The history of music in Iceland has no parallel in other European countries, or, probably, anywhere else in the world. In Iceland the music of the "Middle Ages" predominated well into the nineteenth century. Due to Iceland's isolation, centuries of musical development on the European continent had gone by unnoticed. Even ordinary four-part choral singing was first heard in the fifth decade of the 19th century. Instrumental music, in the usual sense of that term, was non-existent.
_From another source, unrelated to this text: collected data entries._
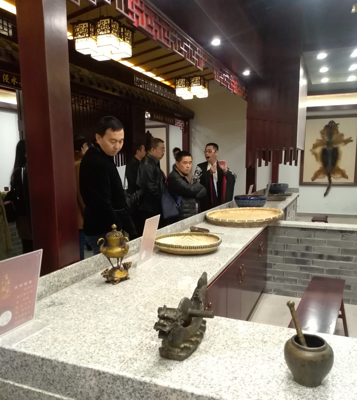 伴着绵绵细雨,上午十点左右,专家们来到希尔安药业合川厂区。专家们首先参观了公司新落成的伍舒芳药坊非物质文化遗产展示厅。企业文化部经理谭强身着独具特色的古代服饰,声情并茂地向来访嘉宾讲解了希尔安药业的悠久历史和伍舒芳传统膏药制作技艺的特殊流程。
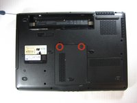 After completing step 4, flip the laptop over again, making sure the battery side is up. Remove the two screws securing the RAM shield to the lower case.
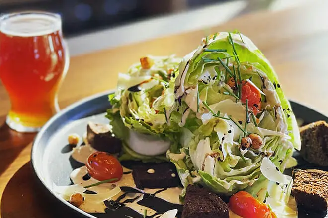 Consiste en corazones de lechuga romana a la parrilla, queso brie tibio, chutney de albaricoque y picatostes caseros.
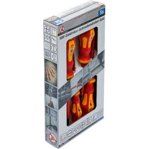 VDE-testováno dle DIN EN 60900 Rozsah dodávky: VDE elektrikářský šroubovák, křížová drážka PH1, 80 mm VDE elektrikářský šroubovák, křížová drážka PH2, 100 mm VDE elektrikářský šroubovák, drážka SL 0,5 x 3 mm, 75 mm VDE elektrikář šroubovák, drážka SL 0,8 x 4 mm, 100 mm zkoušečka napětí s klipem, 140 mm
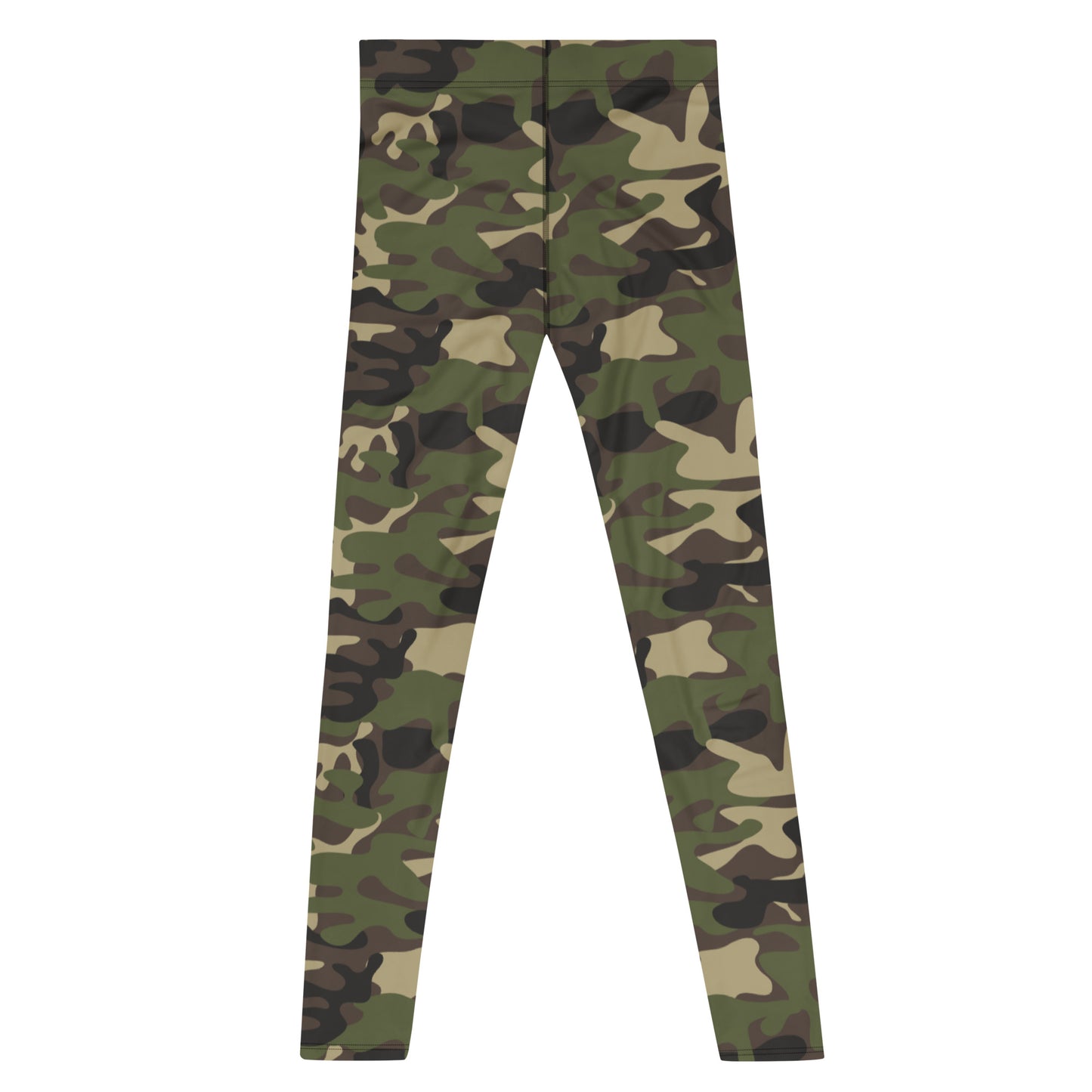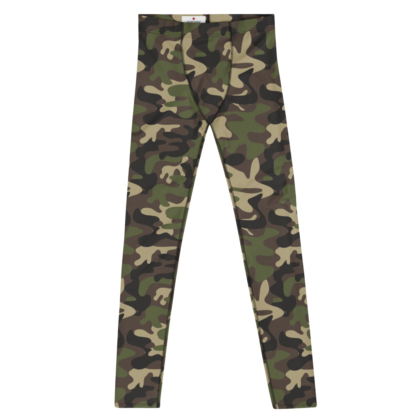 Camo Men Leggings, Camouflage Green Army Printed Yoga Sports Workout Festival Fitness Pants Tights

When the "new" music finally found its way to Iceland, the population, with certain exceptions, especially as regards church music, proved to be more receptive than might have been expected. Latent creative talent soon emerged, and musical development has been exceedingly rapid in the twentieth century. In the 1980’s Icelandic music was on the world music map with the emergence of artists such as the Sugarcubes. In more recent years Iceland has seen international success of many more artists, such as Sigur Rós.
Jón Leifs (1899-1968) is one of Iceland’s best known classical composer writing many of his works about Icelandic nature which bore titles such as Hekla, Dettifoss and Geysir. The Iceland Symphony Orchestra was founded in 1950 and was nominated for a Grammy Award in 2009. Pianist Víkingur Ólafsson has garnered an international reputation as well as cellist Sæunn Þorsteinsdóttir and Daníel Bjarnason, a young classical composer and conductor.
Iceland has many annual music festivals. The most recognised festival is Iceland Airwaves which started out in 1999 in an airplane hangar in Reykjavík. The festival showcases the Icelandic rock/pop/electro music scene along with numerous international acts. The festival takes place in October each year and is very popular as tickets are typically sold out weeks before it’s commencement. Among other festivals are I Never Went South, classical music festival Dark Music Days, hard rock festival Eistnaflug, Reykjavík Blues Festival, Reykjavík Jazz Festival and many more.